Why is it such a big improvement? _tensors.clear() need to call fastRPC but delete tensor needn't, right?
What I did here is just to reduce the rpc calls, from my profiling, each rpc calls can introduce several ms latency, so here I've merged them into just 1 rpc calls
And for the graph_compute cost, thought we can have a breakdown with the profiler output that capture from logcat
@chraac I'd like to ask, besides using llama.cpp, what other inference frameworks support Qualcomm NPU deployment? Does Qualcomm officially use QNN-SDK and Hexagon-SDK themself to deploy NPU? Do you know their performance?

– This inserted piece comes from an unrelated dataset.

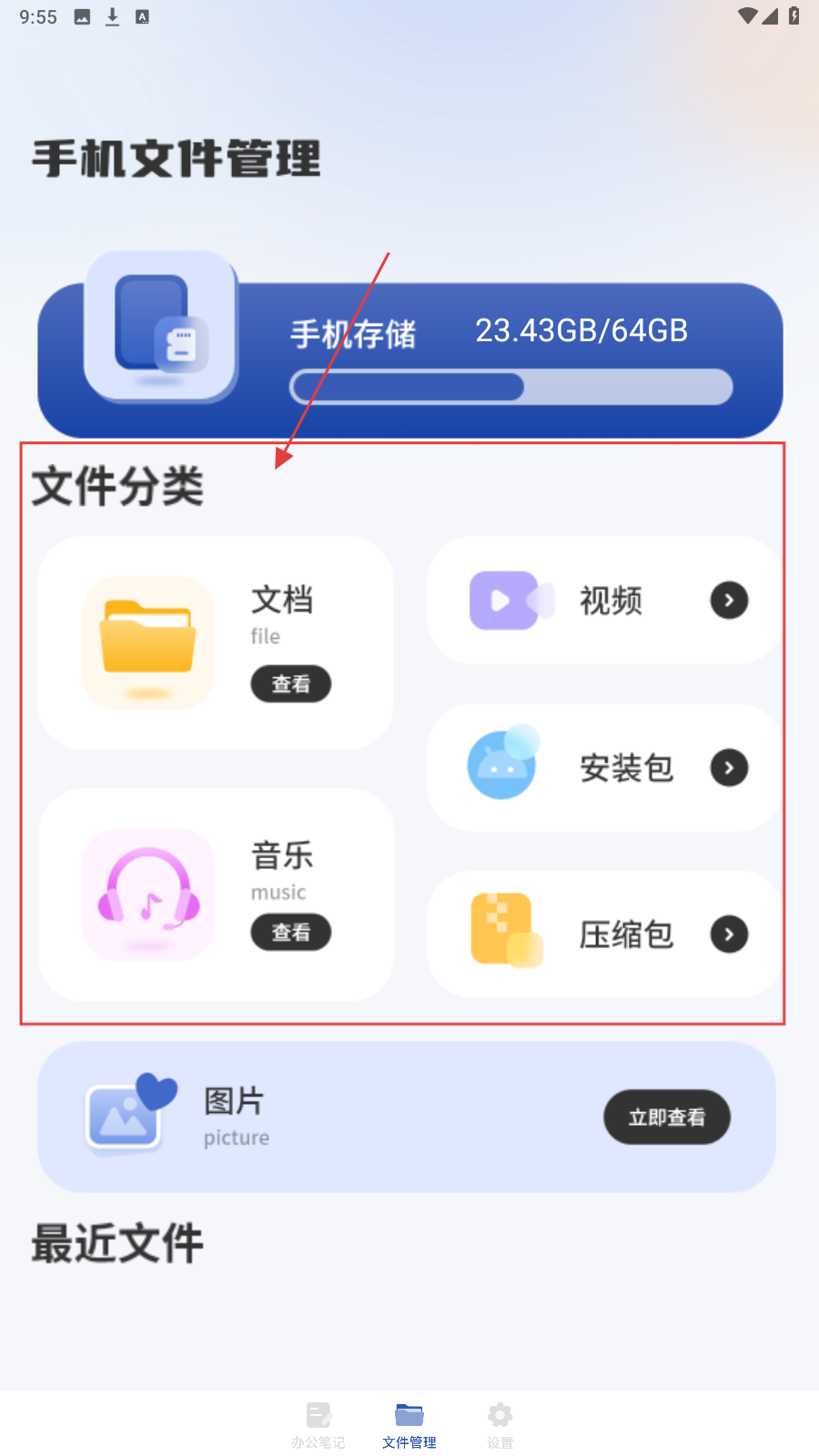 4、进入【手机文件管理】,按需点【文件分类】里的类型,管理文件。

what other inference frameworks support Qualcomm NPU deployment?
Can check out MLLM - they have their own model format and NPU support.
Does Qualcomm officially use QNN-SDK and Hexagon-SDK themself to deploy NPU? Do you know their performance?
I'm not a Qualcomm employee, so I can't say for certain what they use internally. However, in large companies like this, there are typically multiple teams working on LLM inference acceleration using different approaches - some might use QNN while others use hexagon-npu directly.
They likely have access to HMX instructions that aren't publicly available, which could provide some performance benefits. That said, I think the real bottleneck is still memory bandwidth, so even with HMX, the gains might be modest.
Hey @finneyyan , it’s been a while! We’ve made several improvements to the hexagon-npu backend and are seeing significant performance gains. When you have a moment, could you test your case again? You can also try the changes in PR #59.